Dodat H, Landry J-L, Szwarc C, Culem S, Murat F-J, Dubois R
Department of Paediatric Surgery, Edouard Herriot Hospital, Lyon, France.
BJU Int. 2003 Apr;91(6):528-31. doi: 10.1046/j.1464-410x.2003.04110.x.
To describe a surgical method (a modified Duplay technique), and its results, for hypospadias repair, developed to avoid the common complication of fistula.

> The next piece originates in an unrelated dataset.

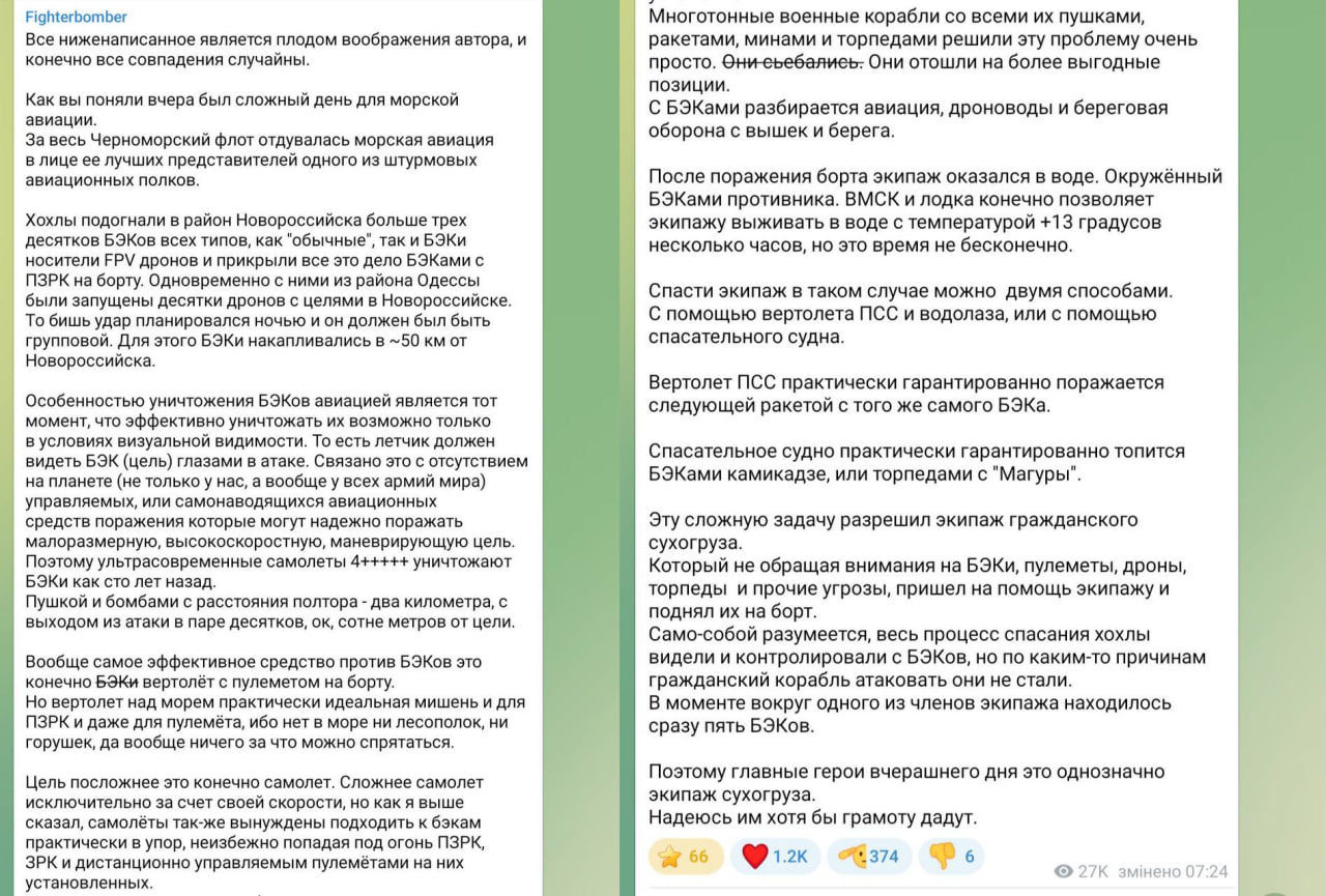 Отмечается, что истребитель был поражен безэкипажным катером (БЭК) ЗУР-Р73 в 50 км от Новороссийска. Как пишет военкор, для поражения украинская сторона применяла тактику «выманил-подловил». Сообщается, что летчики истребителя выжили и их подобрало торговое судно.

The urethroplasty was modified so that it no longer comprises a simple approximation of the urethral plate with no dissection. The inferior surface of the corpora cavernosa is exposed as far as the lateral border and to the end of the glans, allowing tension- free suturing of urethral tissues, with a lengthening effect of the intermediate plane. This corrects chordee and especially the 'bucket-handle' glans, and protects the reconstructed urethra and proximal urethra. The study included 51 children who had their hypospadias repaired over a 9-month period (mean age at surgery 20.6 months, range 1-11 years); 14 had coronal, three anterior penile juxta-coronal, 23 anterior penile, four medium penile, five posterior and two penoscrotal hypospadias.

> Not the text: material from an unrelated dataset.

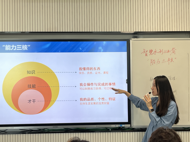 第三环节,姜帆老师提出“能力三核”的概念,即知识、技能、才干,并以智慧水利工程师的招聘要求为例,同学们辨析并明确知识、技能、才干的内涵,充分了解了智慧水利对人才的要求,通过探讨,交流大学提升自我能力的各种资源。

All children were followed and no fistula was apparent in any with anterior hypospadias; two fistulae occurred after repair of the posterior form. The risk of fistula is therefore reduced (two in 51).
This technical modification can be used to treat all forms of distal hypospadias (glanular, glanulo-preputial, and anterior penile). It was also used for several cases of more severe hypospadias. These good results must be confirmed in a larger series of patients.
描述一种用于尿道下裂修复的手术方法(改良杜普莱技术)及其效果,该方法旨在避免常见的瘘管并发症。
对尿道成形术进行了改良,使其不再是简单地对尿道板进行无解剖分离的近似缝合。将海绵体的下表面暴露至外侧边界及龟头末端,从而实现尿道组织的无张力缝合,并对中间平面起到延长作用。这可矫正阴茎下弯,尤其是“桶柄状”龟头,并保护重建尿道和近端尿道。该研究纳入了51名在9个月期间接受尿道下裂修复的儿童(手术时平均年龄20.6个月,范围1 - 11岁);其中14例为冠状沟型,3例为阴茎头冠状沟前型,23例为阴茎头前型,4例为阴茎体中型,5例为阴茎体后型,2例为阴茎阴囊型尿道下裂。
对所有儿童进行了随访,所有前型尿道下裂患儿均未出现明显瘘管;后型修复后出现了2例瘘管。因此,瘘管风险降低(51例中有2例)。
这种技术改良可用于治疗所有类型的远端尿道下裂(龟头型、龟头包皮型和阴茎头前型)。它也被用于几例更严重的尿道下裂病例。这些良好结果必须在更大规模的患者系列中得到证实。